Paul told us that “When children have displayed harmful sexual behaviour, often it is solely their behaviour, not the cause, that professionals respond to” [4]. Instead, the report argues, professionals must ‘recognise the signs of abuse of a child and [know] how best to respond when they suspect a child is being abused’ [1].  

Brook, a sexual health charity for young people, has produced a Sexual Health Behaviours Traffic Light Tool.

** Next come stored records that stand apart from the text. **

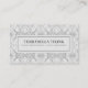 Una tarjeta de visita profesional residencial y comercial con suelo de baldosa y suelo con motivos geométricos de rombo blanco en el suelo o en las paredes.
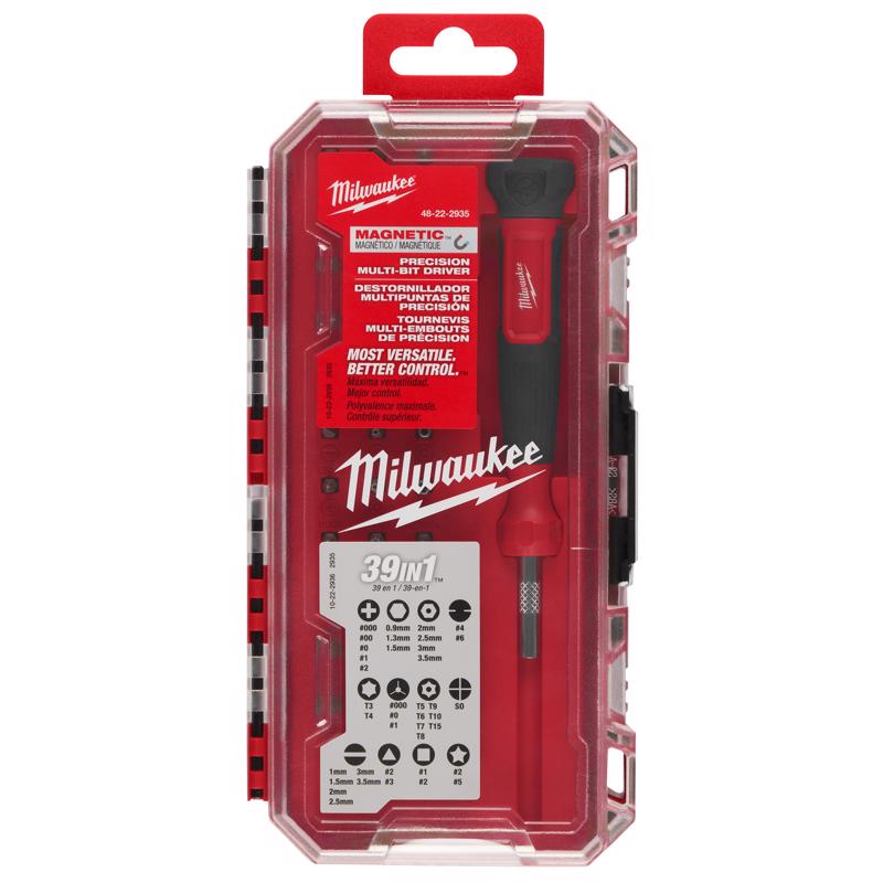 Milwaukee 39イン1マルチビットドライバーは、締め付けや精密な調節において、より万能で、より優れたコントロール性を提供します。マルチビットドライバーは、快適な滑り止めグリップハンドルを備え、最大限のコントロール性を実現します。2種の長さのシャンクを備えた設計のマルチビットドライバーは、ユーザーに届き難い締め具に簡単に届くよう延長したリーチを提供します。このマルチビットドライバーはまた、360度回転バックキャップを備え、優れたコントロール性を実現し、現場での作業スピードと正確性を提供します。クロムメッキ加工ビットホルダーは、錆びから保護し、作業現場の環境要因による摩耗を軽減します。
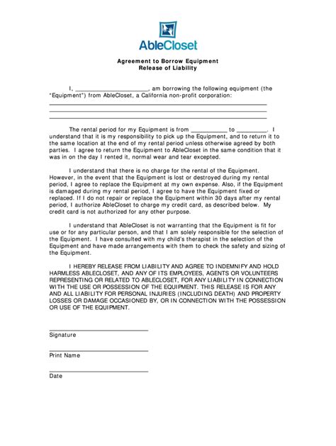Word Doc Printable Equipment Rental Agreement Template Printable

The tool provides training to outline multi-agency responses that help ‘professionals to identify, understand and respond appropriately to sexual behaviours in young people’ [8]. The Cornwall and Isle of Scilly Safeguarding Children Partnership recommend the tool for ‘distinguishing between ‘normal’ age-appropriate behaviour and behaviour that causes concern’ [3]. 

  • Known offenders 

Paul maintains that “there needs to be greater robustness and consistency in practice when managing known sex offenders in the community’ [3]. The report highlighted that often when abuse has been identified, lack of hard evidence means that ‘professionals do not always feel confident to address it head-on with the family’ [1]. This results in children being left with a continued risk of sexual abuse [1].  

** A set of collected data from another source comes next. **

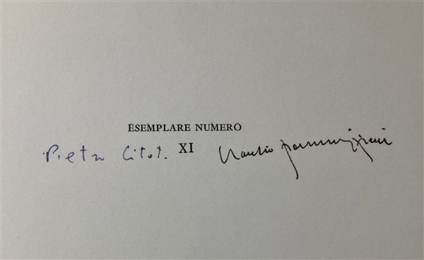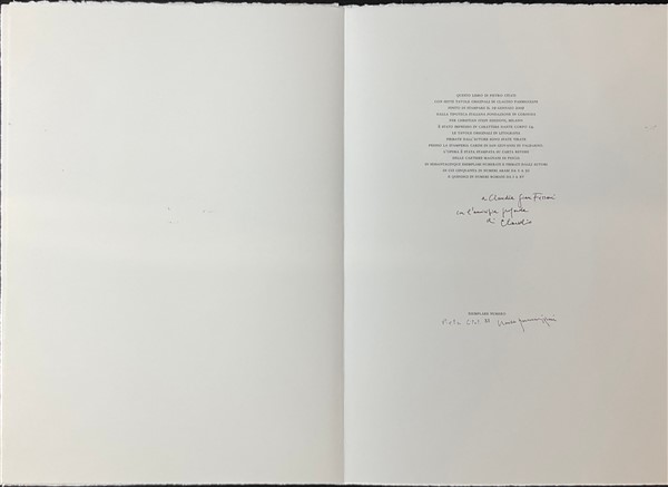 Christian Stein Edizioni, Milano, 2009. Dedica di Parmiggiani a Claudia Gian Ferrari sul colophon
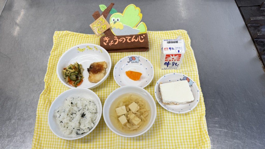 🌱今日のお魚は梅のソースがかかっているのですが酸っぱいという子もいましたがみんなおいしい😋と言って食べてくれていました!あと今日はヨーグルトの日なのでおやつがヨーグルトケーキになってます♪
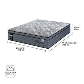 Modelo: Charlotte Nível de Conforto: Macio Suporte de peso: 240 quilos (120kg por pessoa) Molas: Molas Ensacadas Individualmente Pillow: Pillow Cloud Espuma: D33 e D28 Altura: 34cm Tecido: Tampo em Malha Margan
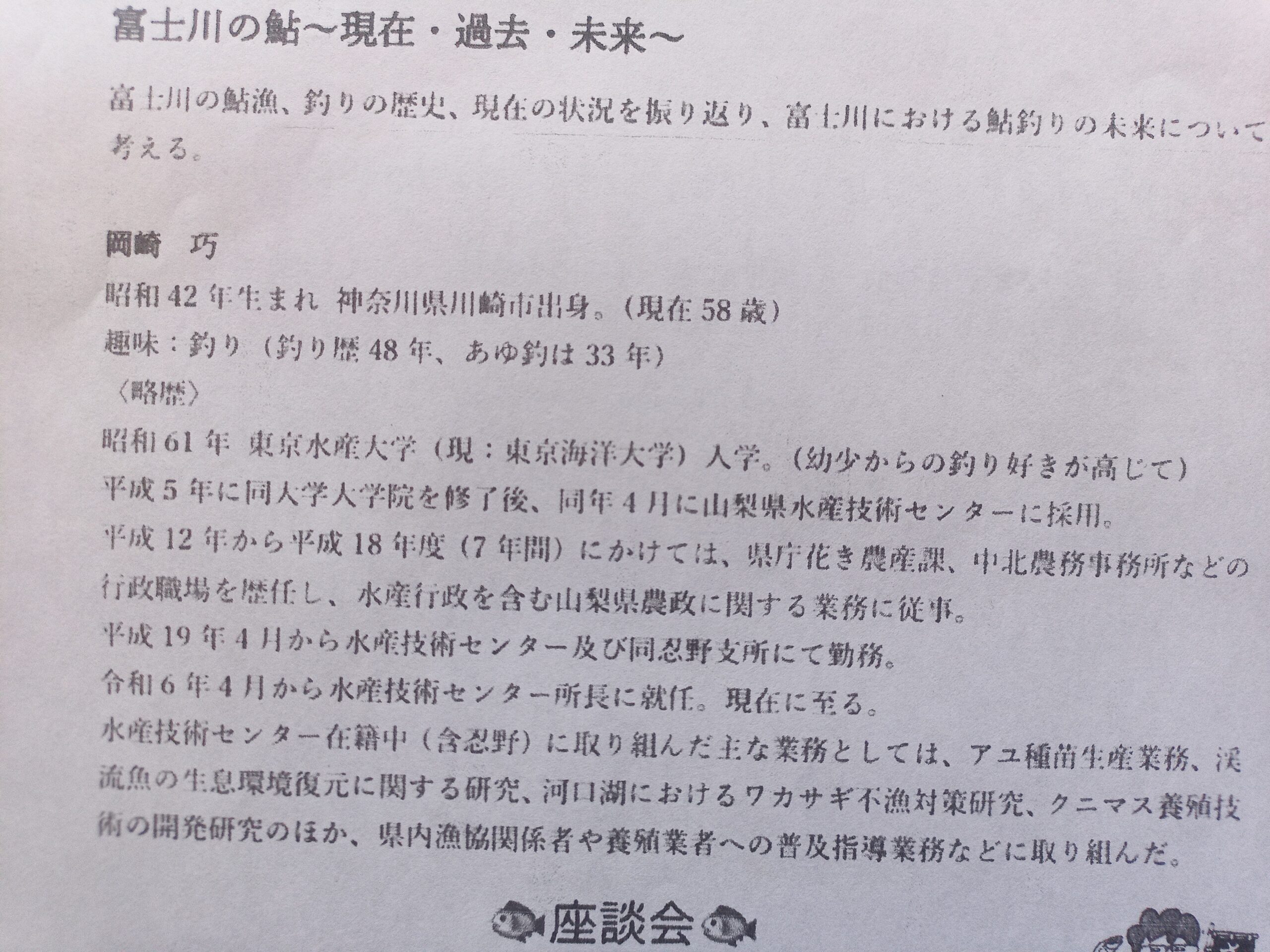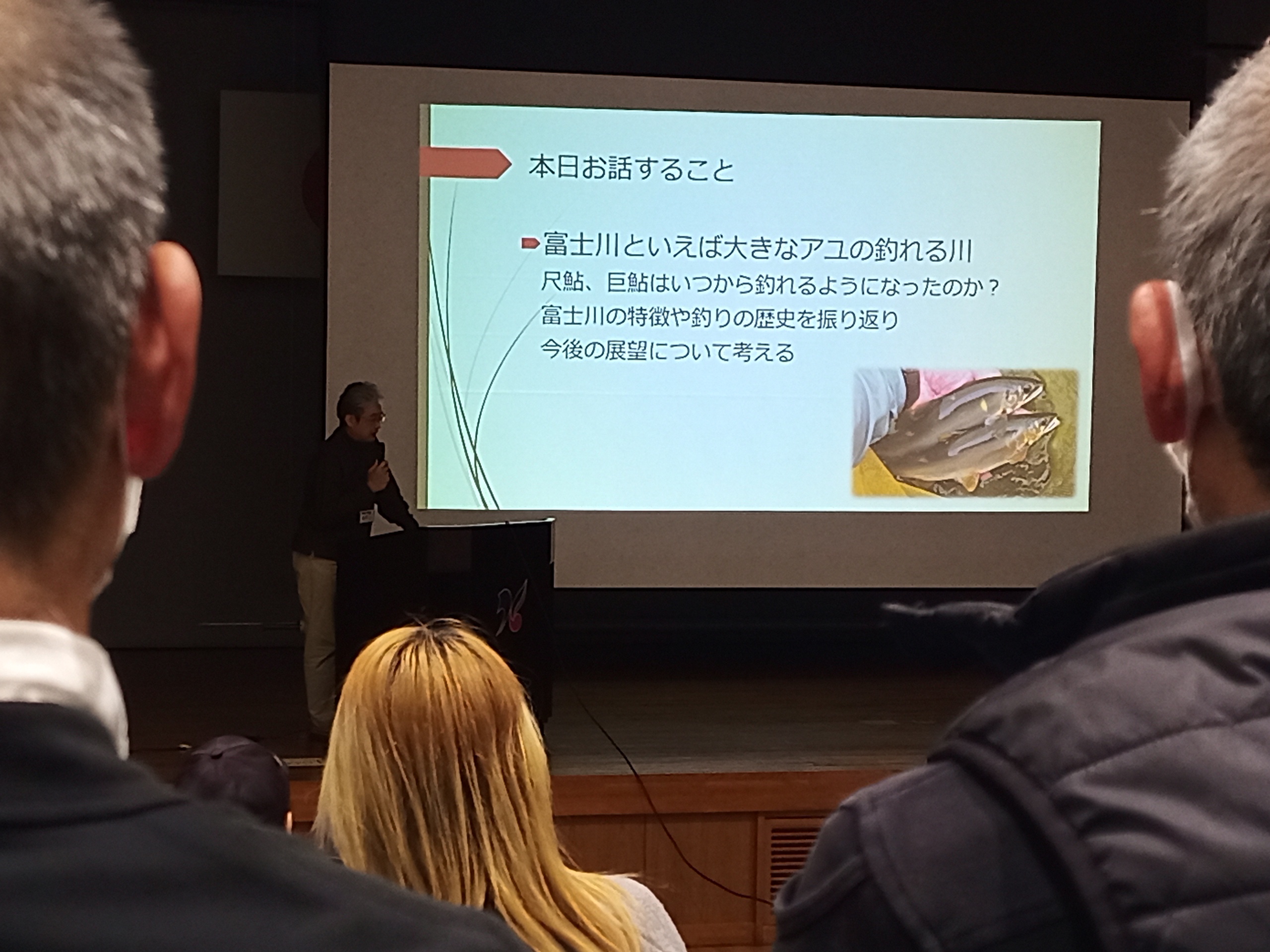 先ず初めの講演は、山梨県水産技術センター岡崎所長の「富士川の鮎~現在・過去・未来~」アユ釣りも好きなだけあって、話に熱がこもります。

It is important that social care professionals are ‘confident in challenging the police: just because there is not enough evidence to secure a conviction does not mean that agencies should retreat’ [1]. It highlights the importance of multi-agency working, to ensure the perspectives, skills and insights of different agencies are utilised [1].   

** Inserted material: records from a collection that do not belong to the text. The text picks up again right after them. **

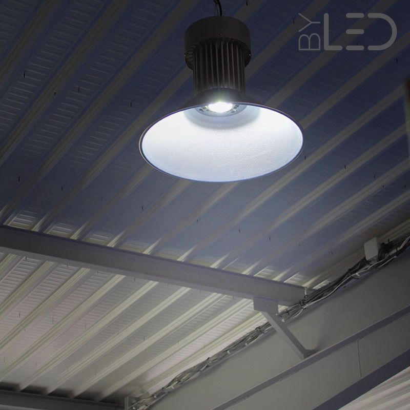 Une suspension industrielle puissante à technologie LED pour bâtiments de grande hauteur (High-bay) conçue pour remplacer les armatures industrielle à iodure:
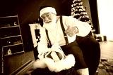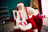 Santa Claus in a cozy living room gives a thumbs up while presenting a wrapped gift with a Christmas tree holiday decorations festive scene
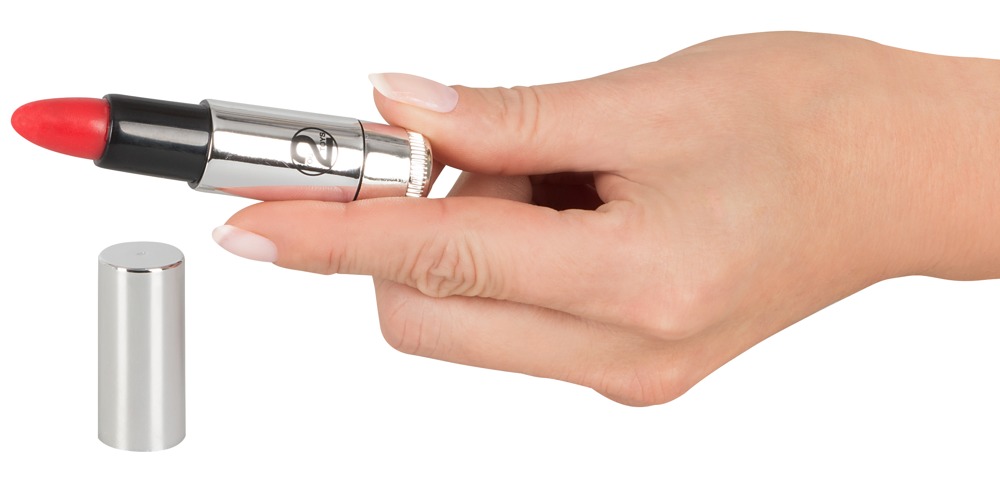 Mini wibrator w postaci szminki. Wibracje w małej miękkiej (językowej) końcówce są regulowane bezstopniowo - od miękkiej do twardej.

The NSPCC’s Women as Protectors programme helps ‘mothers and carers who are in contact with a man who poses a risk of sexual harm to children’ [9]. However, they should not have to rely on themselves as protectors. 

  • Support 

Often ‘practice in this area is too police-led and not sufficiently child-centred all’ [1]. Repeatedly social care and health agencies are not sufficiently involved in decision making. Consequently, “children and non-perpetrating parents and family members are not supported well enough, able to access the right support at the right time” [4]. Paul continues to explain that the joint targeted area inspections “did not see effective communications with children throughout the processes, in impacting children’s welfare” [4].  Health and social care involvement should be central to assessment and decision-making [4]. Furthermore, communities, organisations and the media need to work to create an environment in which children and adults are able to talk about sexual abuse more easily [4]. 

Safeguarding children requires a multi-agency response, this is true across all aspects of safeguarding arrangements. Paul concludes:  

“We can no longer stay silent on this issue. We have to talk about it and act. Everyone needs to play their part in identifying, preventing and tackling child sexual abuse in the family environment. There needs to be a greater emphasis on better training, support, supervision and resources for all professionals.” [4] 



[1] Ofsted, the Care Quality Commission (CQC), HMI Constabulary and Fire and Rescue Services (HMICFRS) and HMI Probation (HMIP). 2020. Multi-agency response to child sexual abuse in the family environment: joint targeted area inspections (JTAIs) 

[2] Department for Education. 2018. Working together to safeguard children.  

[3] Cornwall & Isle of Scilly Safeguarding Children Partnership Procedures. 2020. Child Sexual Abuse in the Family Environment

[4] d’Iverno, P., 2020. The 2nd Annual Working Together to Safeguard Children and Young People Conference. 

[5] Dixon, L., Perkins, D., Hamilton-Giachritsis, C., Craig, L. 2017. The Wiley Handbook of What Works in Child Maltreatment: An Evidence-Based Approach to Assessment and Intervention in Child Protection 

[6] NSPCC. Talk PANTS. 

[7] YorOK. It’s not ok.  

[8] Brook. Sexual Behaviors Traffic Light Tool.  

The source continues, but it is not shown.